_Task input:_

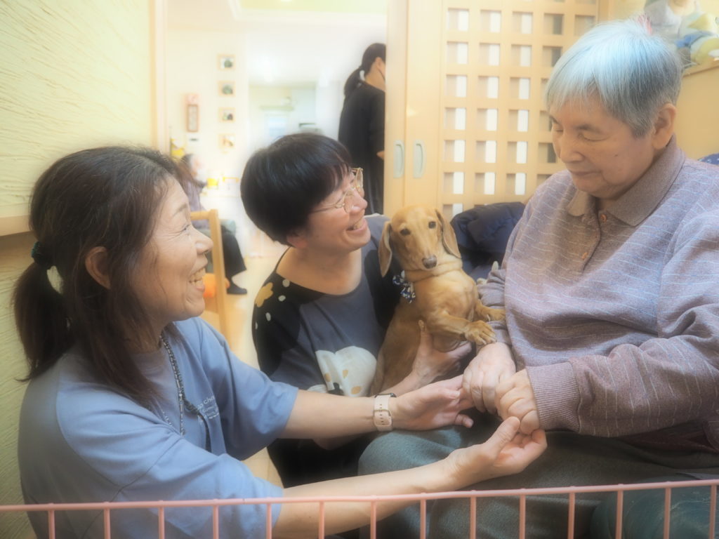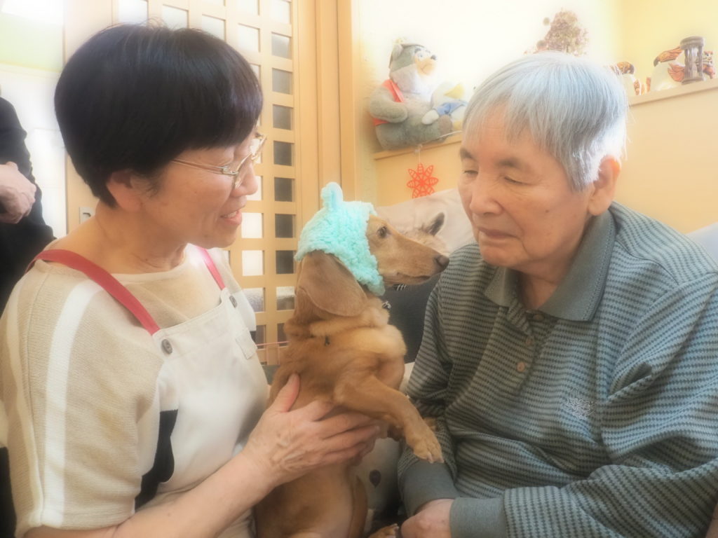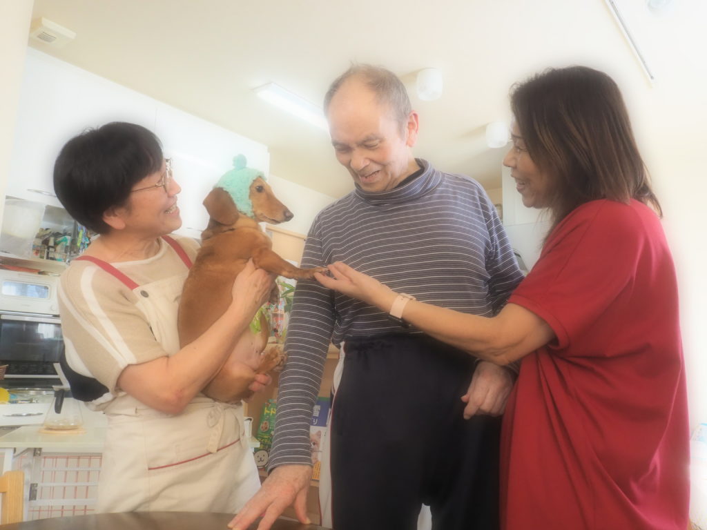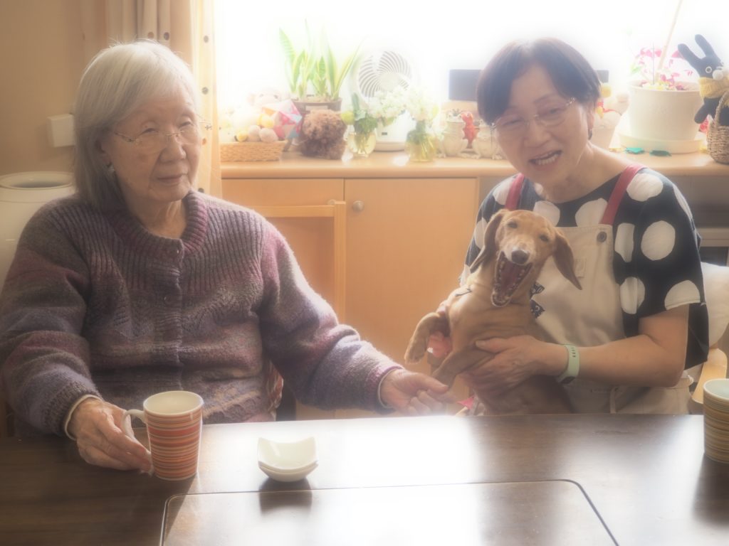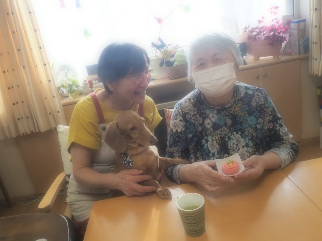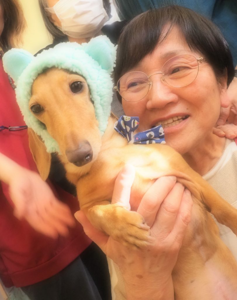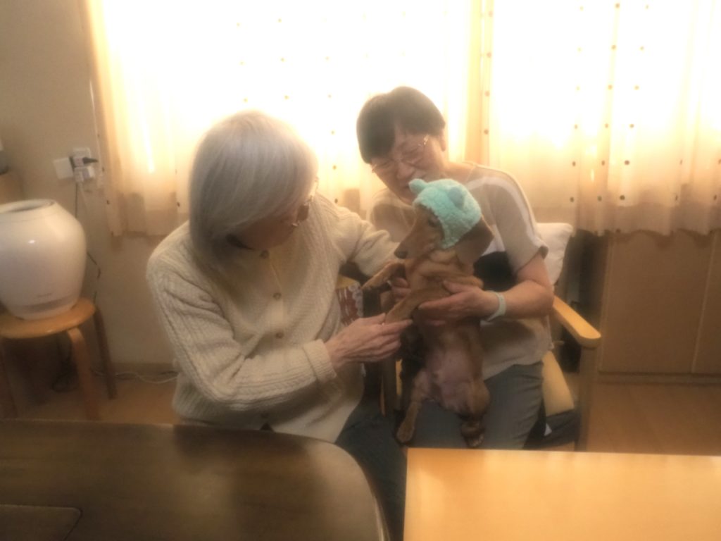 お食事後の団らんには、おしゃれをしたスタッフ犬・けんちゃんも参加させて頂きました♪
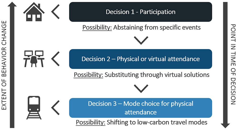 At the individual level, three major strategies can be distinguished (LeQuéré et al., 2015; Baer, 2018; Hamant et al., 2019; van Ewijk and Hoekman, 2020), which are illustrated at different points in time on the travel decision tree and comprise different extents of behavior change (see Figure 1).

--

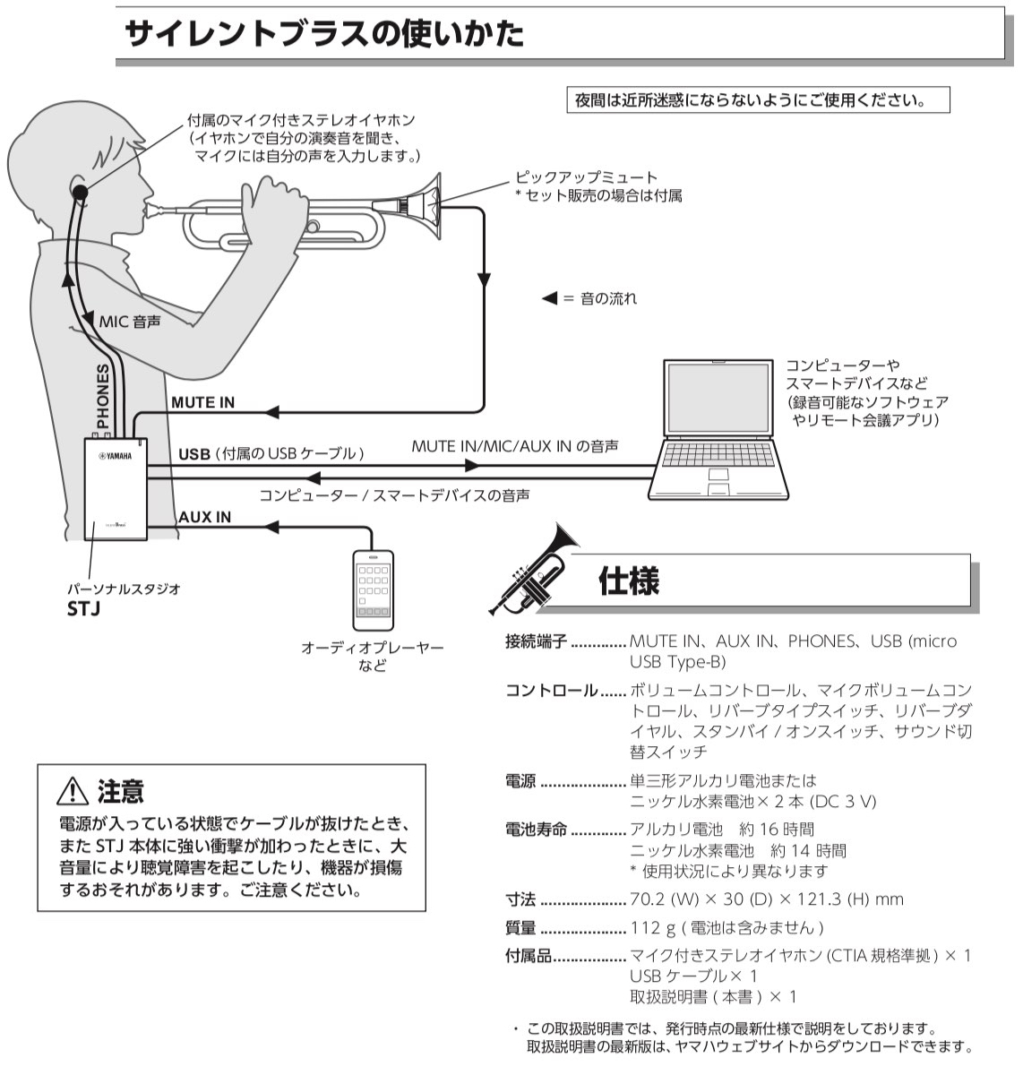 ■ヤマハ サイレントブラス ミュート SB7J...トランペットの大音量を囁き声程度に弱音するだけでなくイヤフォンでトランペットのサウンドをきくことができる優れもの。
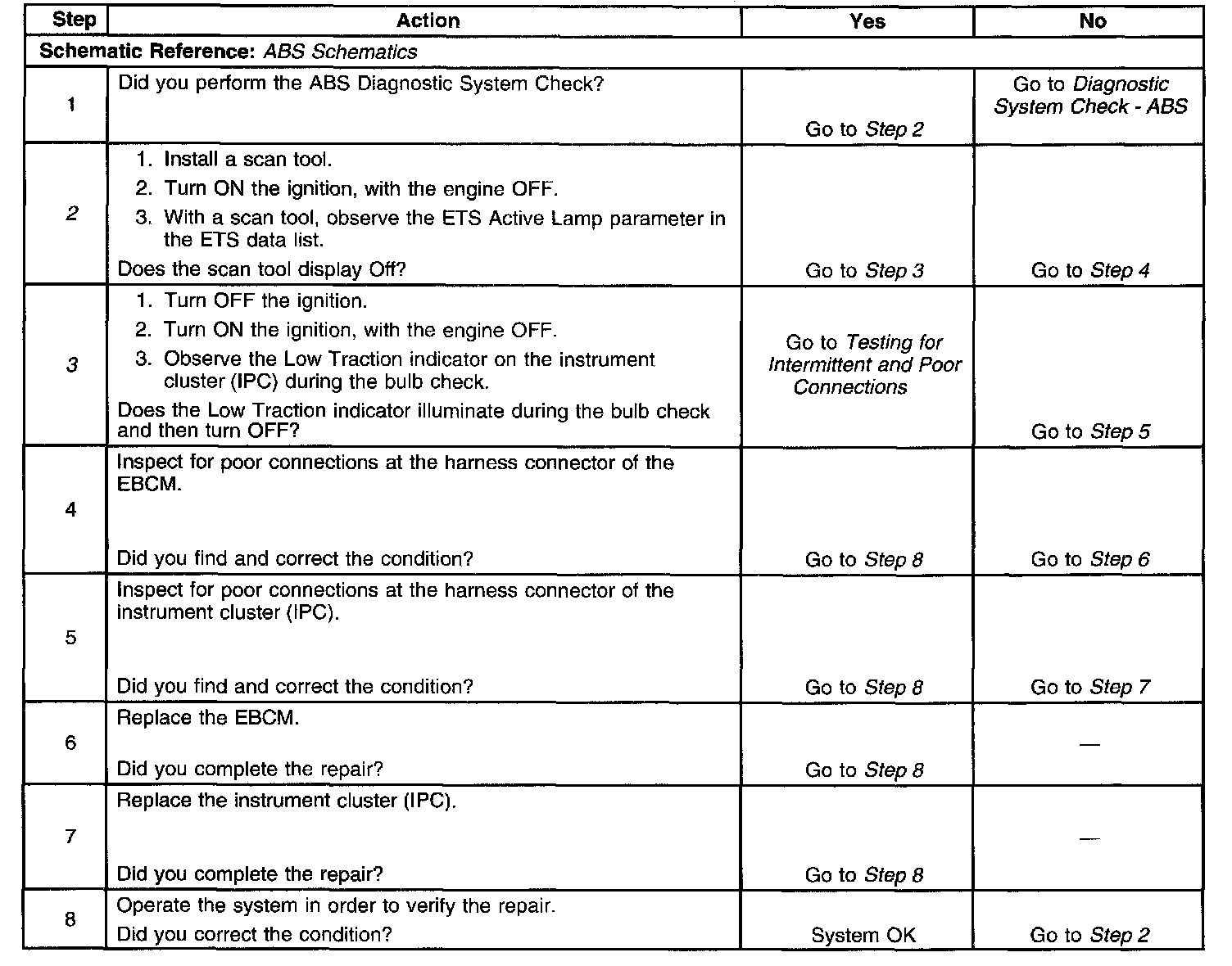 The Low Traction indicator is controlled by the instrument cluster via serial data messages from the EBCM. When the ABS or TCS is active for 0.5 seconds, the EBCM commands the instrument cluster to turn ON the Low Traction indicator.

_Action item:_ Your copy should hold only the lines above from the one containing "お食事後の団らんには、おしゃ" through the one containing "At the individual", exactly as written and free of pictures.

_Task solution:_
 お食事後の団らんには、おしゃれをしたスタッフ犬・けんちゃんも参加させて頂きました♪
 At the individual level, three major strategies can be distinguished (LeQuéré et al., 2015; Baer, 2018; Hamant et al., 2019; van Ewijk and Hoekman, 2020), which are illustrated at different points in time on the travel decision tree and comprise different extents of behavior change (see Figure 1).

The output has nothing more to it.